Archival quality matters for documents that enter regulatory or compliance workflows. PDF/A, the ISO standard for long-term archival, requires embedded fonts, device-independent color, and specific metadata structures. LaTeX can produce PDF/A-compliant documents natively with the right configuration, while browser-based generators require extensive post-processing to meet the standard. For clients in financial services or healthcare, where Pinpoint’s testing reports become part of audit trails, this compliance capability is table stakes.

Finally, server-side generation decouples the document from the user interface. The same API that generates a report for download can also generate it for email attachment, for archival storage, or for integration into a third-party document management system. The report becomes a data product with its own lifecycle, independent of the web application that requested it.

Why Pair Rust with LaTeX for Document Generation?

Rust and LaTeX serve fundamentally different roles in the pipeline, and their combination produces better results than either could achieve alone. Rust handles the orchestration: receiving the API request, querying the database for report data, transforming that data into LaTeX-compatible structures, invoking the LaTeX compiler, managing temporary files, uploading the result to S3, and returning a presigned download URL. LaTeX handles the typesetting: taking structured data and a template, then producing a pixel-perfect PDF according to rules that have been refined over four decades of academic and professional publishing.

I chose LuaLaTeX specifically rather than pdfLaTeX or XeLaTeX because of its modern font handling capabilities. LuaLaTeX supports OpenType and TrueType fonts natively through the fontspec package, which means I can use the same brand fonts that our design team specified without converting them to LaTeX’s legacy Type 1 format. The Lua scripting engine embedded in LuaLaTeX also provides an escape hatch for complex data transformations that would be cumbersome in pure TeX macros, though I rarely need it because Rust handles most of the data processing before the template stage.

The separation of concerns between Rust and LaTeX is the architectural decision I am most satisfied with. The Rust layer knows nothing about typography, and the LaTeX layer knows nothing about APIs or databases. The contract between them is a populated template file: Rust fills in the placeholders, and LaTeX renders the result. This clean boundary means I can change the report’s visual design without modifying any Rust code, and I can restructure the data pipeline without touching any LaTeX templates. In practice, our designer iterates on report layouts by editing LaTeX files and previewing locally, while I work on the infrastructure independently.

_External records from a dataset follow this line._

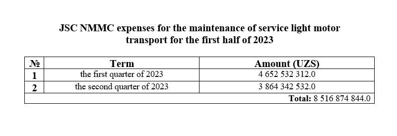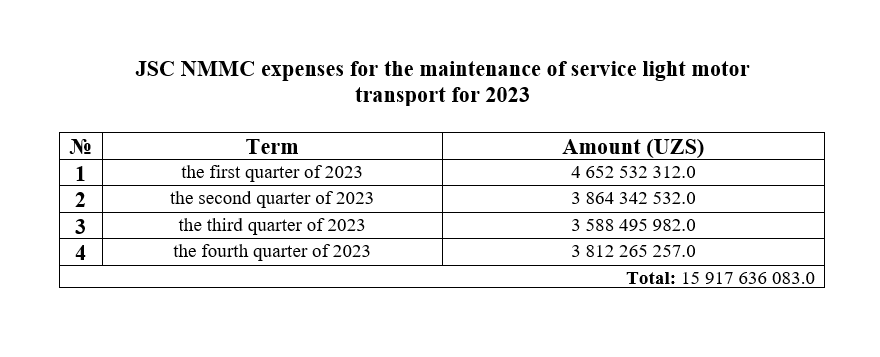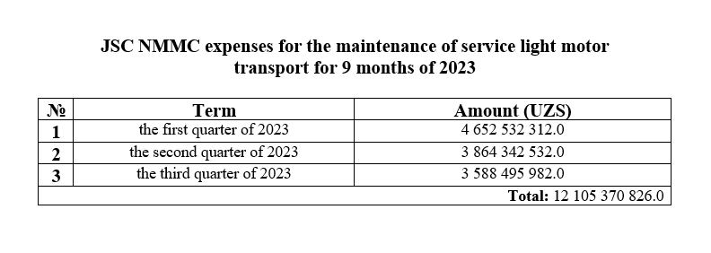 Maintenance of service transport for 9 months of 2023
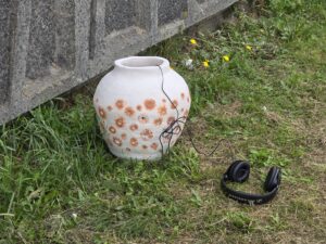 In the next phase of the project, community members were equipped with recoding tools such as mobile phones, contact microphones, and field recorders, to collect ambient and personal soundscapes. These sounds came from both everyday environments – radiators, boiling kettles, roadworks – and more imaginative or symbolic sources, such as decommissioned phone boxes, or the clay of Lousehill Copse, which had been dug and then shaped into a sound vessel. The sound vessel itself is a ceramic sculpture created by 57 pairs of hands from across the community, which embodied the tactile, communal spirit of the project and physically captured the wind and the voice of the estate.
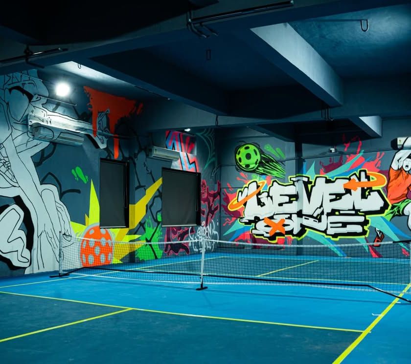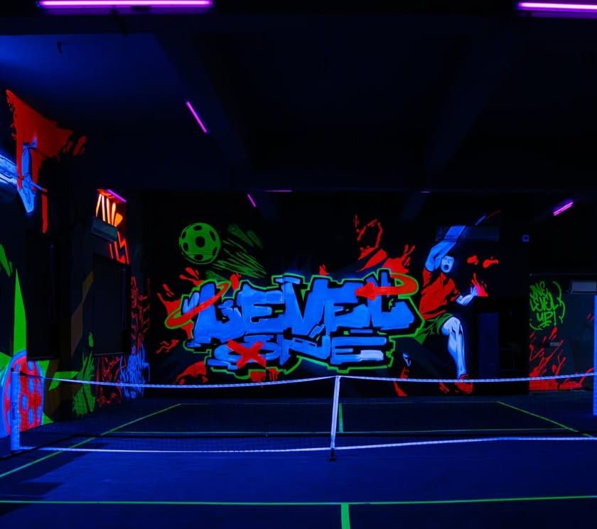 I create immersive experiences with UV and glow-in-the-dark paint, a first for a pickleball court in Mumbai. This technique is perfect for gaming arenas, entertainment zones, and any space that needs to transform after dark.
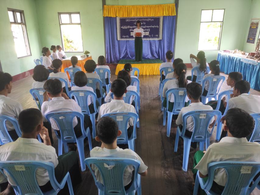 ရှေးဦးစွာ မြို့နယ်ဦးစီးအရာရှိဒေါ်အေးအေးသီက မူးယစ်ဆေးဝါးတိုက်ဖျက်ရေးနေ့အထိမ်းအမှတ် အသိပညာပေးဟောပြောရာတွင် မူးယစ်ဆေးဝါးတိုက်ဖျက်ရေးနေ့ကို မြန်မာနိုင်ငံအပါအဝင် ကမ္ဘာ့နိုင်ငံအသီးသီးတွင် ဇွန်လ ၂၆ ရက်နေ့ကျရောက်တိုင်း မူးယစ်ဆေးဝါးတိုက်ဖျက်ရေးနေ့အခမ်းအနားများကျင်းပပြုလုပ်လျက်ရှိကြောင်း၊ မူးယစ်ဆေးဝါးအန္တရာယ်သည်အလွန်ကြောက်စရာကောင်းပြီး လူအများကိုဒုက္ခပေးသည့်မူးယစ်ဆေးဝါးကို ကျောင်းသားကျောင်းသူများမှ အသုံးမပြုကြစေရေးနှင့် မူးယစ်ဆေးဝါးတိုက်ဖျက်ရေး လုပ်ငန်းများတွင်ပူးပေါင်းပါဝင်ကြစေရေးဆွေးနွေးပြောကြားသည်။
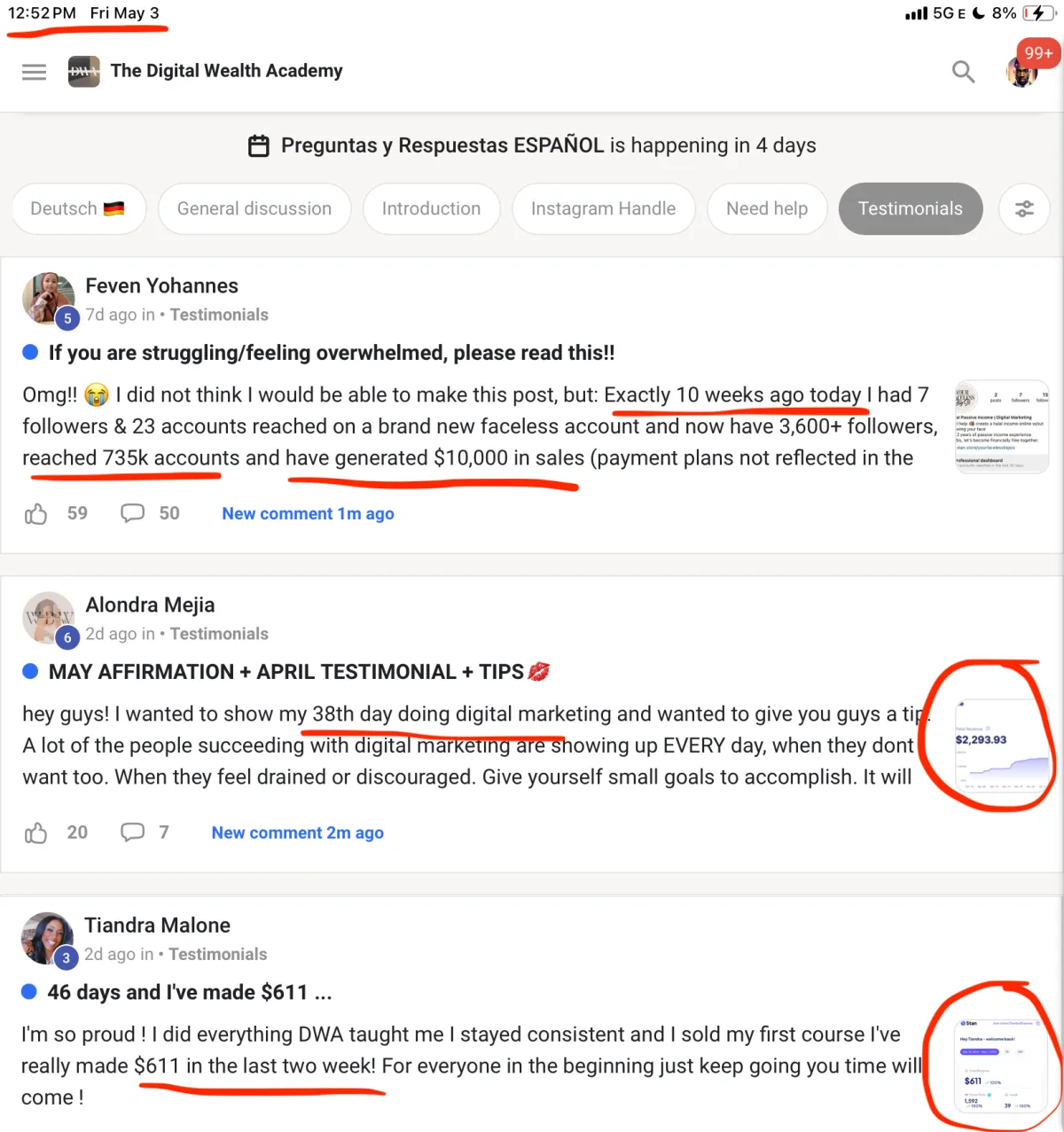 Below, I'll share some results from the DIGITAL WEALTH ACADEMY community.
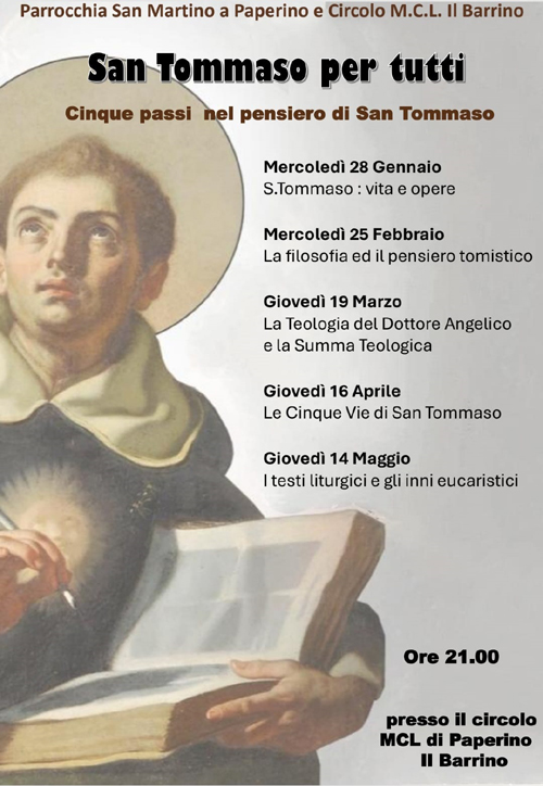 Organizzato dalla Parrocchia di San Martino a Paperino, nei locali del circolo MCL "Il Barrino" alle ore 21,00, si terranno gli incontri " San Tommaso per tutti, cinque passi nel pensiero di San Tommaso".
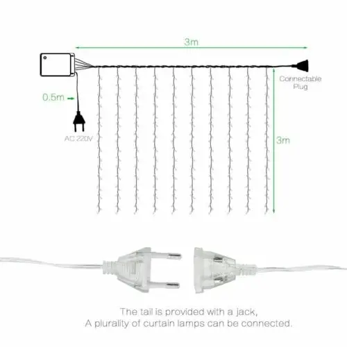СВЕТОДИОДНАЯ Гирлянда для занавесок, 3*3 м, 300 светодиодов, Рождес...
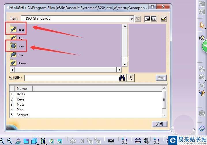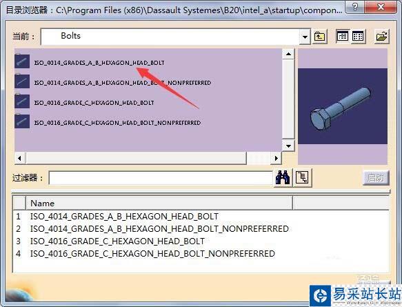 4、此時又會按照不同保準類型,分類螺栓,其螺紋及樣式會不同,如果沒有自己所需標準,找個最類似的,右側可瀏覽樣式。注意下方文字和箭頭處文字,雖然完全一致,如果想選擇某一項,需在上方雙擊,如雙擊箭頭處。

Rust’s suitability for the orchestration role goes beyond performance. The type system catches data transformation errors at compile time, which is critical when the consequences of a malformed template are a LaTeX compilation failure inside a Lambda function with no debugging tools available. If a field that should contain a sanitized string accidentally receives raw user input with LaTeX special characters, the compiler will not catch that specifically, but the structured approach of using typed transformations rather than string concatenation minimizes the risk. I built a dedicated sanitization layer that escapes LaTeX special characters in user-provided content, and the type system ensures that all user-facing strings pass through it before reaching the template.

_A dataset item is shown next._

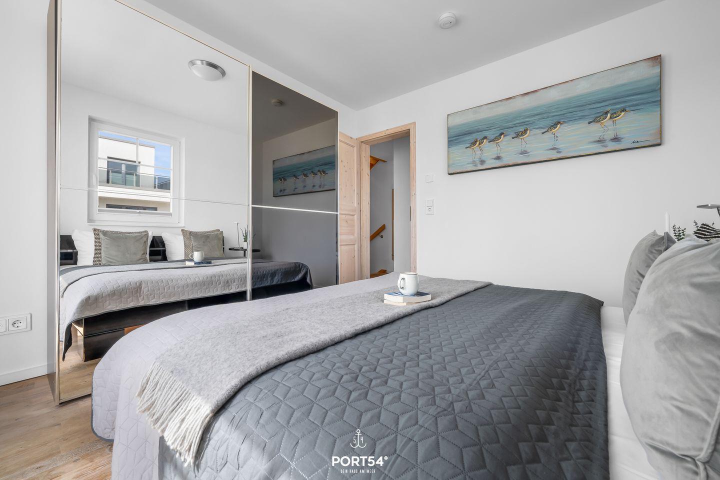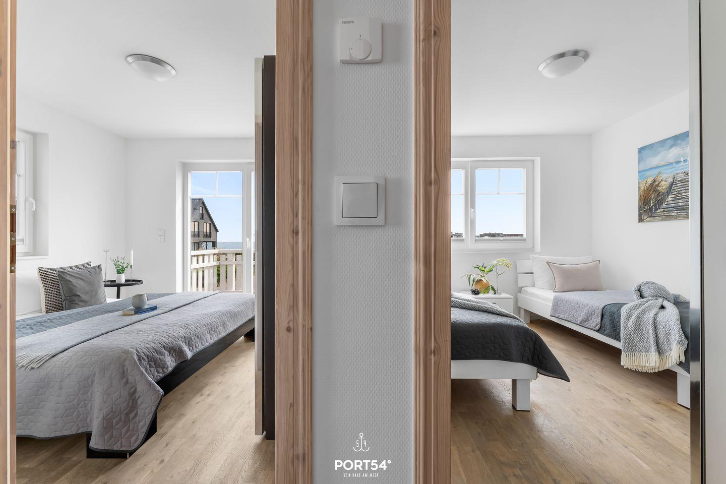 Im 1. Obergeschoss befindet sich ein Tageslichtbad mit einer Whirlwanne. Ein Kosmetikspiegel, ein Fön und Insektenschutzgitter sorgen für Komfort. Die beiden Schlafzimmer ermöglichen Dir dank Verdunkelungsmöglichkeiten und Insektenschutzgitter einen erholsamen Schlaf. Das Hauptschlafzimmer ist mit einem Doppelbett (180x200?cm), einem Kleiderschrank und einer Kommode ausgestattet und bietet Dir einen eigenen Balkon. So kannst Du direkt nach dem Aufstehen die frische Ostseeluft und die Aussicht auf den Strand genießen. Das andere Schlafzimmer verfügt über zwei Einzelbetten (80x200?cm) und einen Kleiderschrank.
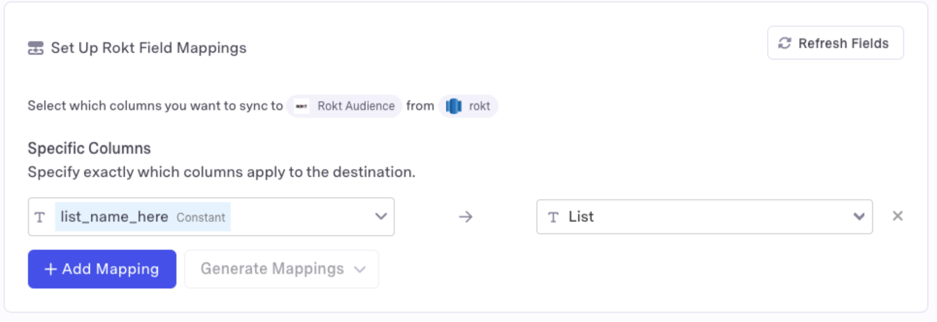 To specify the list to which you want to add members, its name has to be mapped to the List field in Rokt. This means it should either be available in the source, or set as a Constant Value.

The alternative approaches I evaluated before settling on this architecture all fell short in specific ways. Puppeteer running in Lambda worked for simple documents but produced inconsistent page breaks and could not match LaTeX’s typographic quality. Generating PDFs directly with a Rust library like printpdf or genpdf gave me programmatic control but required implementing layout logic that LaTeX already solves. Hosted PDF services like DocRaptor and Prince XML delivered good quality but introduced an external dependency and per-document costs that would not scale. The Rust plus LaTeX combination gave me full control, professional quality, and predictable costs.

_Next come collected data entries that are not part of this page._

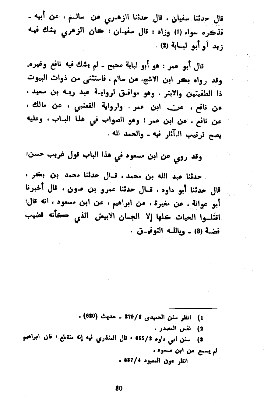 قَالَ حَدَّثَنَا سُفْيَانُ قَالَ حَدَّثَنَا الزُّهْرِيُّ عَنْ سَالِمٍ عَنْ أَبِيهِ فَذَكَرَهُ سَوَاءً وَزَادَ قَالَ سُفْيَانُ كَانَ الزُّهْرِيُّ يَشُكُّ فِيهِ زَيْدٌ أَوْ أَبُو لُبَابَةَ قَالَ أَبُو عُمَرَ هُوَ أَبُو لُبَابَةَ صَحِيحٌ لَمْ يَشُكَّ فِيهِ نَافِعٌ وَغَيْرُهُ وَقَدْ رَوَاهُ بَكْرُ بْنُ الْأَشَجِّ عَنْ سَالِمٍ فَاسْتَثْنَى مِنْ ذَوَاتِ الْبُيُوتِ ذَا الطُّفْيَتَيْنِ وَالْأَبْتَرَ وَهُوَ مُوَافِقٌ لِرِوَايَةِ عَبْدِ رَبِّهِ بْنِ سَعِيدٍ عَنْ نَافِعٍ عَنِ ابْنِ عُمَرَ وَلِرِوَايَةٍ الْقَعْنَبِيِّ عَنْ مَالِكٍ عَنْ نَافِعٍ عَنِ ابْنِ عُمَرَ وَهُوَ الصَّوَابُ فِي هَذَا الْبَابِ وَعَلَيْهِ يَصِحُّ تَرْتِيبُ الْآثَارِ فِيهِ وَالْحَمْدُ لِلَّهِ وَقَدْ رُوِيَ عَنِ ابْنِ مَسْعُودٍ فِي هَذَا الْبَابِ قَوْلٌ غَرِيبٌ حَسَنٌ حَدَّثَنَا عَبْدُ اللَّهِ بْنُ مُحَمَّدٍ قَالَ حَدَّثَنَا مُحَمَّدُ بْنُ بَكْرٍ قَالَ حَدَّثَنَا أَبُو دَاوُدَ قَالَ حَدَّثَنَا عَمْرُو بْنُ عَوْنٍ قَالَ أَخْبَرَنَا أَبُو عَوَانَةَ عَنْ مُغِيرَةَ عَنْ إِبْرَاهِيمَ عَنِ ابْنِ مَسْعُودٍ أَنَّهُ قَالَ اقْتُلُوا الْحَيَّاتِ كُلَّهَا إِلَّا الْجَانَّ الْأَبْيَضَ الَّذِي كَأَنَّهُ قَضِيبُ فِضَّةٍ وَبِاللَّهِ التَّوْفِيقُ
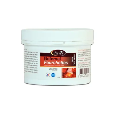 GOFERVAL FOURCHETTE - HORSE MASTER est un soin à base de miel, dhuile de Genévrier, de soufre, de térébenthine et d'acide picrique pour fourchettes et sabots des chevaux.
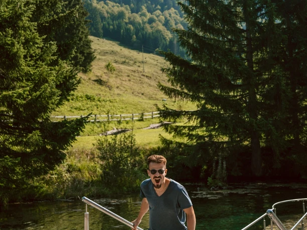 Le puissant parfum du jardin d’herbes coloré vous accueille et vous accompagne en pénétrant dans cette magnifique installation intégrée dans la nature pour la pratique du Kneippen, construite en 2003 au Schwandalpweiher. L’étang, cristallin jusqu’au fond, aux pieds du Schwändelifluh est mis en scène par des pontons en bois et des bancs – tous fabriqués en bois local. De jolies murailles en pierres encadrent ce tableau splendide. On raconte avec raison que c’est la plus belle installation Kneipp de Suisse.
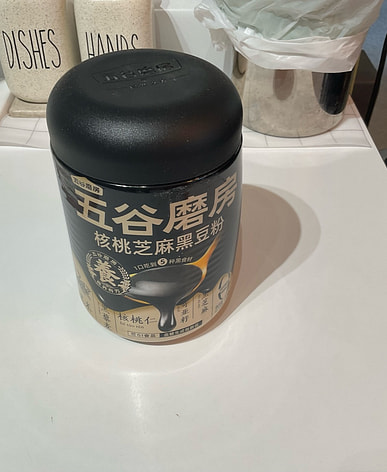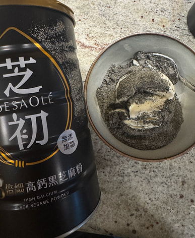 It is not sweet but very fragrant. There is a metal inner lid under the plastic lid to seal it and prevent it from getting damp. Because of the black glutinous rice flour, the hot water needs to be added slowly to prevent it from clumping. I bought it to supplement calcium, so I also added two spoons of black sesame powder (Zhi Chu, also from Taiwan, also sugar-free) to increase flavor and nutrition.
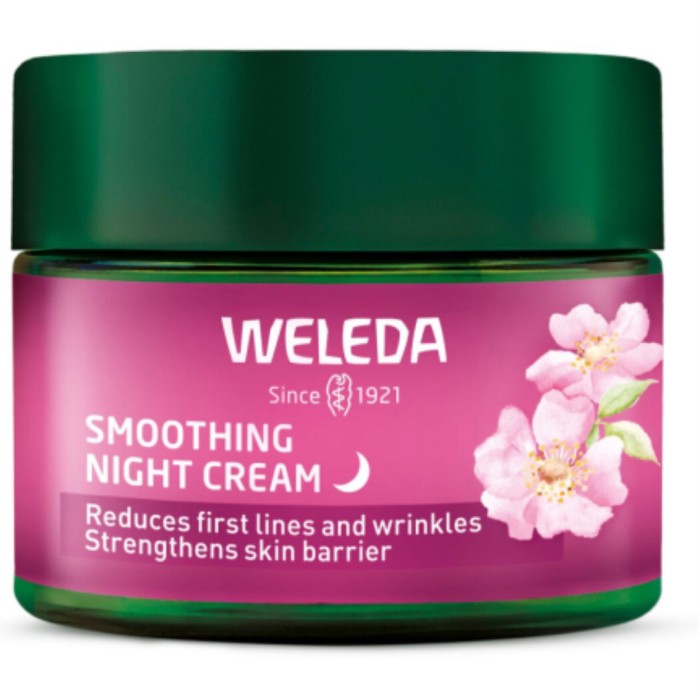 Weleda Smoothing Night Cream är en nattkräm som stödjer hudens reparationsprocess under natten och reducerar fina linjer och de första rynkorna. Weledas nattkräm innehåller nyponfröolja som, i kombination med vitt teblads-extrakt, verkar lystergivande och gör huden synbart slätare. Använd på kvällen för att vakna upp på morgonen med en hud som är återfuktad och full av naturlig lyster.

How Does a Serverless PDF Generation Architecture Work?

The architecture starts with an API Gateway endpoint that receives a POST request containing the report parameters: the project identifier, the bug identifiers to include, the report type (single finding or consolidated), and any customization options like whether to include screenshots or reproduction steps. API Gateway validates the request structure and forwards it to a Lambda function written in Rust using the lambda_http crate.

The Rust Lambda function performs three phases of work. In the data assembly phase, it queries the database (RDS via the sqlx crate) for all the information needed to populate the report: project metadata, bug details with severity scores, tester notes, screenshots, and client information. It transforms this data into a structured representation that maps directly to the LaTeX template’s placeholder variables. Every string that originated from user input passes through the sanitization layer that escapes LaTeX special characters like ampersands, percent signs, underscores, and curly braces.

In the template rendering phase, the function selects the appropriate LaTeX template based on the report type, substitutes the placeholder variables with the assembled data, and writes the populated template to a temporary directory. The function then invokes the LuaLaTeX compiler as a subprocess, pointing it at the populated template file. LuaLaTeX compiles the document and produces a PDF file in the same temporary directory. If the compilation fails, the function captures the log output and returns a structured error message that identifies the specific template line where compilation broke.

In the delivery phase, the function uploads the generated PDF to an S3 bucket organized by project and date, generates a presigned URL with a configurable expiration time (defaulting to 24 hours), and returns the URL to the caller. The presigned URL approach means that the caller receives a download link immediately without the function needing to stream the file contents through API Gateway, which has a response size limit that large reports could exceed.

Cold start optimization is critical for a Lambda function that bundles a LaTeX distribution. The Lambda deployment package includes the LuaLaTeX compiler, essential LaTeX packages, and the brand fonts, all packaged into a Lambda layer. I stripped the TeX Live distribution down to only the packages required by our templates, reducing the layer size from over 2 GB to approximately 350 MB. The Rust binary itself adds only about 15 MB. First invocation cold starts take roughly 3 to 4 seconds, which is acceptable because report generation is not a latency-sensitive operation. Subsequent warm invocations complete in under a second for single-bug reports and scale linearly with the number of findings in consolidated reports.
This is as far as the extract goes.